Themes: socioeconomics, literature, creative writing, the ability of literature and writing to influence culture and change ideologies, and Anne Frank.
Synopsis: Author Clifford Irving sells and writes a counterfeit biography of Howard Hughes.
Live vicariously: Accept a $1 million advance; use a typewriter; see our book become an enormous event.
- “This book will sell more copies than the Bible. But our competitors will kill to get it, and if they can’t get it, they’ll do anything they can to destroy it.”
- “I sell books….That’s why I love it when people say, ‘I’m a reader.’ I say, ‘Good for you, and good for me.'”
Themes: book acquisitions and proposals, McGraw Hill Book Company, author-publisher relations, advances, research, book promotions, fraud, slander, defamation of character, and book-burning.
Synopsis: An eccentric author receives a strange visitor at his cabin who accuses him of plagiarism and begins a deadly game of cat and mouse.
Live vicariously: Write in a secluded cabin (come on—we all want to do that); fill bookshelves with our books; rewrite a bad ending.
- “I give her a call about the magazine, I go write some crap for a couple of hours, and then I get to take a nap.”
- “I can’t decide what’s worse: stealing my story or ruining the ending.”
Themes: intellectual property, plagiarism, copyright infringement, writer’s block, creative minds, and revision.

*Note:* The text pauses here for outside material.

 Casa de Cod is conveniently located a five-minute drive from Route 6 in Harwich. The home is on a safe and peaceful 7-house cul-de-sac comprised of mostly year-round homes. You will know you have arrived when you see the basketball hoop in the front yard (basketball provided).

Synopsis: An English professor wrestles with finishing his novel, appeasing his editor, and being surpassed by talented students in his class.
Live vicariously: Have an editor; write on a typewriter; think in creative prose.

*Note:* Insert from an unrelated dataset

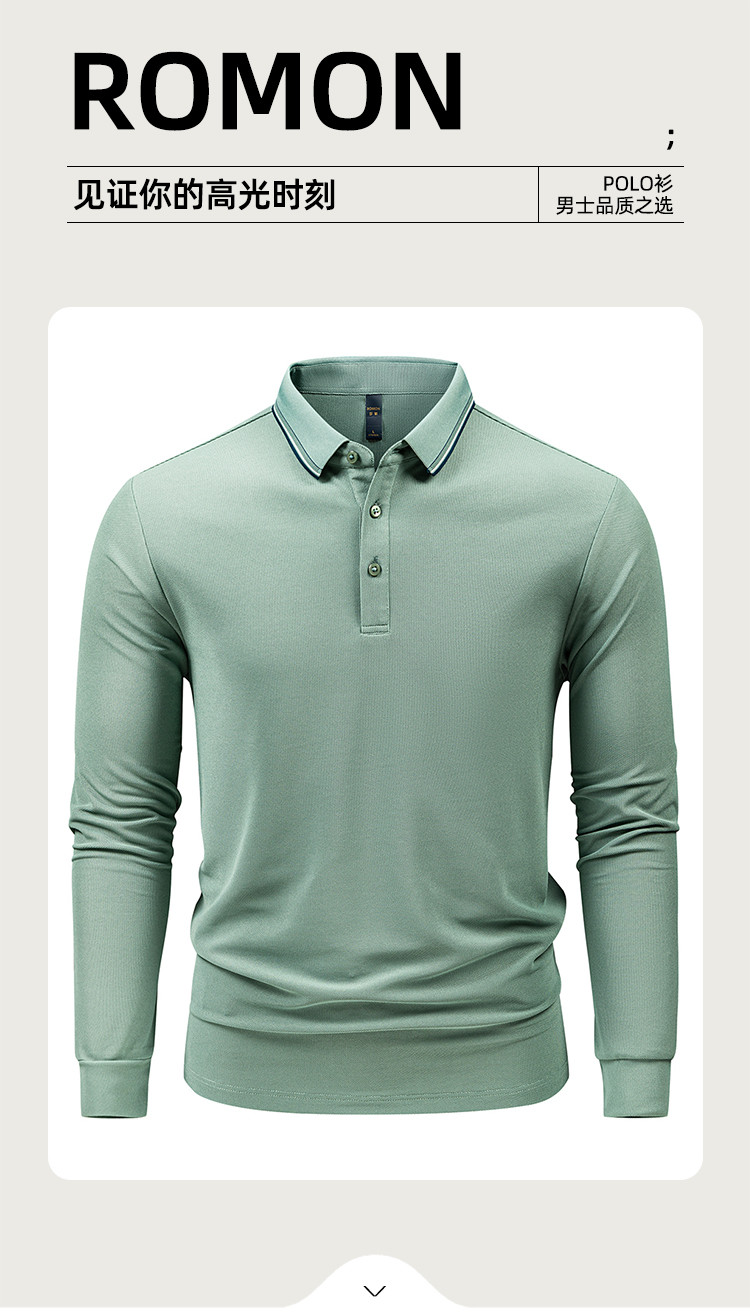 罗蒙【7A抗菌】经典商务休闲polo衫男长袖t恤男春秋打底衫男

- “Somewhere in the night, a Manhattan book editor was prowling the streets of Pittsburg, bestselling author at his side, dead dog in his trunk.”
- “Is all of that single-spaced?”
“I’m afraid so, yeah.”
Themes: workshops, editors, writer-editor relations, acquisitions, drafts, and writer’s block.
Bonus: Sex in the City (the TV series)
Synopsis: Writer Carrie Bradshaw writes a relationship column for the New York Star.
Live vicariously: Have our faces on the side of a bus (“Secret Sex”); consider a movie option for our columns (“Escape from New York”); freelance for a major magazine (“A ‘Vogue’ Idea”); receive a publishing deal and dedicate our book (“Unoriginal Sin”); approve our book cover (“Cover Girl”); attend our first book launch (“Plus One is the Loneliest Number”); complete our first book tour and reading (“The Big Journey”); receive book royalties (“Lights, Camera, Relationship”).
- “The worst part about not being in a relationship is when your job is to write about being in a relationship.” — “Unoriginal Sin”
Themes: writing, deadlines, fame, content, and writing careers.